Why do we need Serverless computing?
Over the past few years, we used to deploy our applications over big servers where the overall responsibility for managing or provisioning the resources is upon us. There are few issues with it:
- Unnecessary charges for keeping the server up even when we are not consuming any resources
- Overall responsibility for maintenance and uptime of the server is upon us
- We are also responsible for applying the appropriate security updates to the server.
- As our usage scales we need to manage scaling up our server as well. And as a result manage scaling it down when we don’t have as much usage.
With so many issues (like the ones mentioned above), it’s a lot of work to handle for smaller companies and individuals. Moreover, as a result this impacts the overall Time to market and cost of delivery which is otherwise the most important factors in Custom software development.

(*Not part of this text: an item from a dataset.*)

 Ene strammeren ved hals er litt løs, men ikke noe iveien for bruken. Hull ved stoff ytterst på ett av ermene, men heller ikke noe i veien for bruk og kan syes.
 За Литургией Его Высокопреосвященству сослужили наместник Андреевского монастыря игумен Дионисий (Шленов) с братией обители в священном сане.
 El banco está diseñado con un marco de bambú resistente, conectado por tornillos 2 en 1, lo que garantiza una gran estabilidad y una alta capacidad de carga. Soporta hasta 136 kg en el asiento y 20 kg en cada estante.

This is where “Serverless computing” comes into play. With Serverless computing, you are provided with an execution model where your cloud provider (AWS, Azure or Google cloud) is executing a piece of code by dynamically allocating the resources. This only charge you for the amount of resources that are used to run the application code. That’s a lot of cost cutting when you compare the compute cost with traditional servers. This way, your overall experience of computing is “serverless” (as the cost of managing server resources is less) but the infrastructure is not. If you want to know A-Z of serverless architecture, read our Comprehensive Guide to Serverless Architecture.
Why do we need Containerization?
Containerization is needed because it intends to solve an important problem: to ensure that a software runs correctly when it is moved from one computing environment to another. Containerization an application also enables different teams to work on different parts of the application independently, as far as there is no major change in the way how they interact with each other. As a result, it is easier to develop a software and testing it faster for all the possible errors.

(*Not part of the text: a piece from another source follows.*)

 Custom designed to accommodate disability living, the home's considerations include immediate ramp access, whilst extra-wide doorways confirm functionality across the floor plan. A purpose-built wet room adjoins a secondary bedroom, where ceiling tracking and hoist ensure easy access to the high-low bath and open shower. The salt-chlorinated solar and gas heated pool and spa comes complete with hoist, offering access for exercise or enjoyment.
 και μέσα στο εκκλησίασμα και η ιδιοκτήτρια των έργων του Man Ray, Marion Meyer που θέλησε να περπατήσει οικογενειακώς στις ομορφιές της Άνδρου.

In a world such as agile, DevOps, this has become more critical than ever. Containers simply make it simple for developers to know that their software will run without worrying about where it will be deployed. They also enable that we have commonly known as ‘microservices’.
Following are the items that are usually bundled in a container:
- Configuration files
To manage all these containers, you are required to have another set of specialized software like Docker Swarm, Kubernetes, etc. This software helps you orchestrate these containers so that you can push them out to different machines while making sure that they run.

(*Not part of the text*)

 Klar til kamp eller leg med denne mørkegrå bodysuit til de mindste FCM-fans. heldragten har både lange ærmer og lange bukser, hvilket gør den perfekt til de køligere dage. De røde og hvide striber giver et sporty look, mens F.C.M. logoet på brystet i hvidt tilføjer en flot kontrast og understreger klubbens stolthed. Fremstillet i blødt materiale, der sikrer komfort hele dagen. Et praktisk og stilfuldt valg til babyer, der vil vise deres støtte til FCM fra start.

The Image attached below represents how Containerization works:
Now that we now why do we need serverless and containers, let’s have a feature by feature comparison of Serverless vs Containers so as to get a proper idea about each deployment option:
#1. Longevity Limitations in Containers vs Serverless
Serverless: As you may know, functions live very ‘short’. Here, short can be defined as 5 minutes or less. Functions are ephemeral, means, the container running the function may live for only once and die after its execution.
Shorter lifespan is one of the caveats of functions but it also provides agility which gives devs freedom and flexibility to push apps into the production which are easy to scale.
Containers: This is not the case with containers. Containers are always running and spinning and they do not die once their execution is done. This empowers them to leverage the benefit of caching, about which we will discuss later, but at the same time, scaling is not instantaneous.
#2. State persistency
Serverless: As discussed in the above point, functions are ephemeral or ‘short-lived’ which in turn, makes them stateless. The more stateless your functions are, the more ways there are to put them together and build something powerful.
The power of stateless computing lies in the ability to empower developers to write powerful, reusable functions and combine them. But it comes with the downside of caching. Since functions are stateless, you cannot cache anything for the further use, as a result, it faces high latency about which we will discuss in next point.
Containers: With containers, you can leverage the benefits of caching. To allow the data to be stored even when the containers are terminated, you’ll need to use a storage mechanism that will manage the data outside of the container. Anyways, why caching is so important?
If the objects on the object file that container is about to produce is same as the previous builds, reusing a cache from the previous result is a great time saver in terms of computing. This enables the building of new containers extremely fast.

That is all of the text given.